I’ve asked Representative Waxman’s office to schedule a face-to-face meeting for me with the Congressman and local doctors from the L.A. chapter of the California Physicians Alliance. Meanwhile, universal single-payer advocates from Santa Monica organized a visible and vocal presence at a UCLA Health Care Reform Forum this week.

Local doctors, wearing iconic white coats, planned to ask: “Why is single-payer not at the table?” according to Santa Monica doctor Matt Hendrickson. “The UCLA forum has no speakers representing single payer,” he points out.

Despite widespread public support for universal single-payer healthcare, the political influence of insurance companies and the healthcare industry continues to suppress discussion at the highest policy-making levels. How are you going to have a transformational health care program, that has been vaunted and touted for so long, if you take the most popular remedy for it off the table to begin the negotiations?, asked Conyers at that Washington dinner. You won’t get it.

Like many others, I remain committed to the full course of reforming healthcare with true universal single-payer, not just promises from insurance executives to reduce costs, or the wishy-washy so-called public option that leaves intact the private insurance system with all its wasteful overhead.
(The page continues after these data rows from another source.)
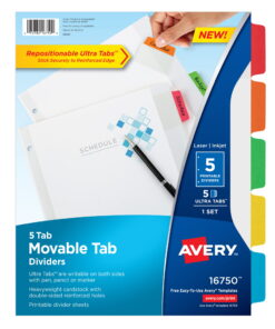 - Reinforced multicolor tabs are preprinted and don’t require inserts or labels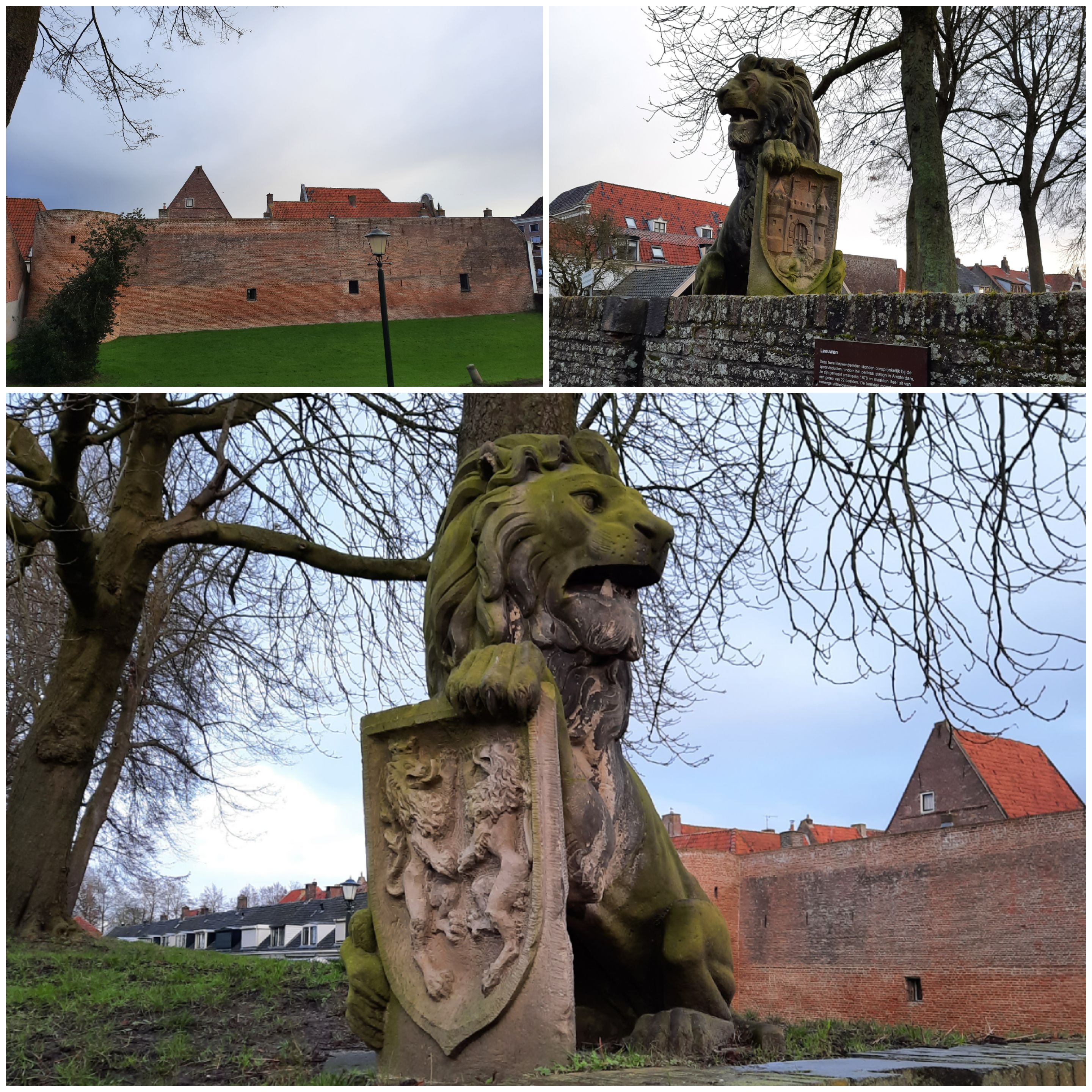 Langs 2 imposante leeuwen -in 1954 aan Elburg geschonken door een Joodse antiquair- loop ik het stadje uit.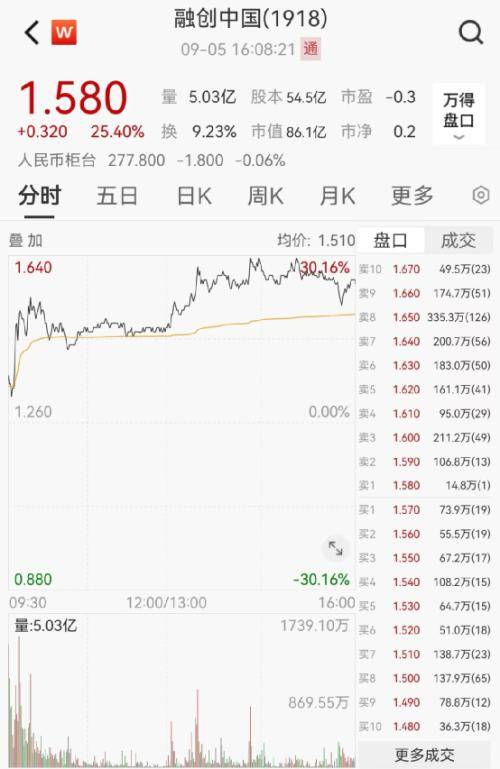 受回归港股通标的股票名单,及新楼盘热卖双重利好拉动,融创中国股价狂飙。9月5日,公司股价开盘一路飙升,最高涨幅达30.16%,最终收报1.58港元,涨25.4%。近5日累计涨61.22%。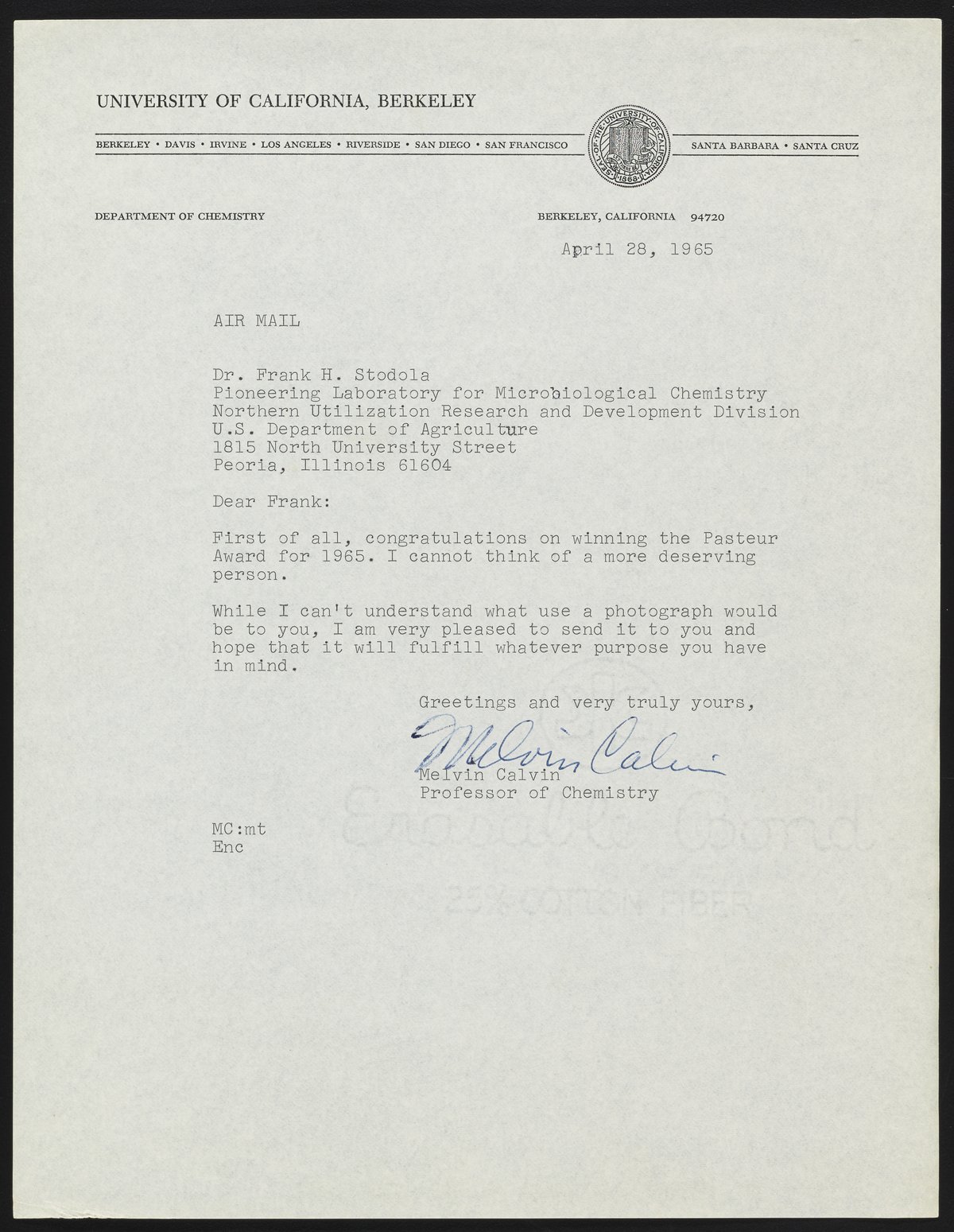 Calvin, Melvin. “Letter from Melvin Calvin to Frank Stodola,” April 28, 1965. Frank H. Stodola Nobel Laureate Letter Collection, Box 1. Science History Institute. Philadelphia. https://digital.sciencehistory.org/works/cz30ps70h.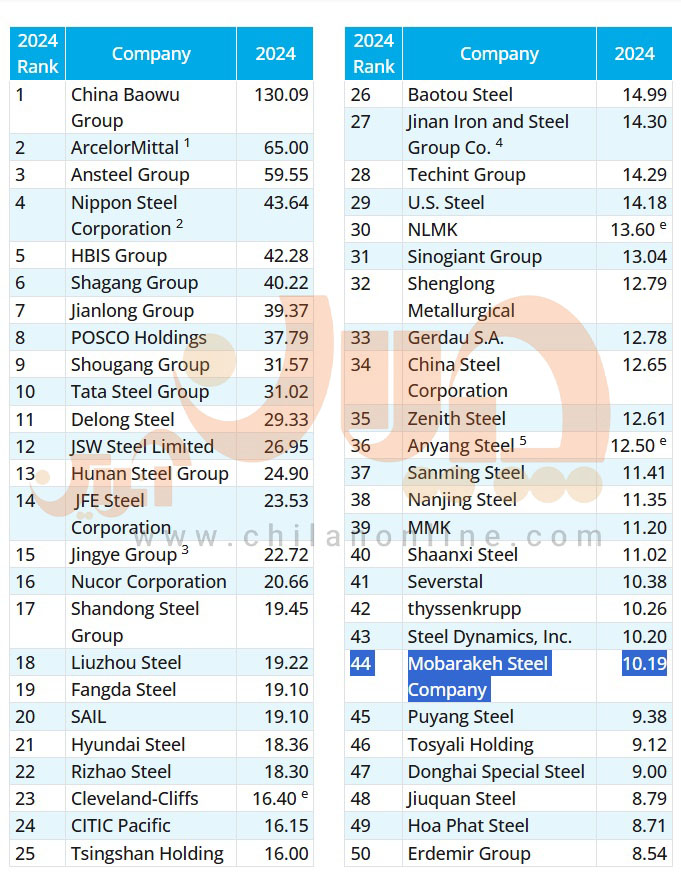 رتبه نخست این فهرست را گروه چینی بائو با تولید ۱۳۰میلیون و ۹۰هزار تن فولاد میانی در سال ۲۰۲۴ در اختیار دارد.

If you want to cure an infection, you prescribe the full course of penicillin – you don’t risk doing more harm than good with just half a dose.

Looking hopefully at the six million dollars in Santa Monica city healthcare costs that could be saved under single-payer, I know this is our moment to create a new healthcare system that not only means better care for everyone, but frees funding for other worthy local purposes. We need to make sure we’re heard in Washington: We want health care that works, and we want our money to go to community needs, not corporate profits.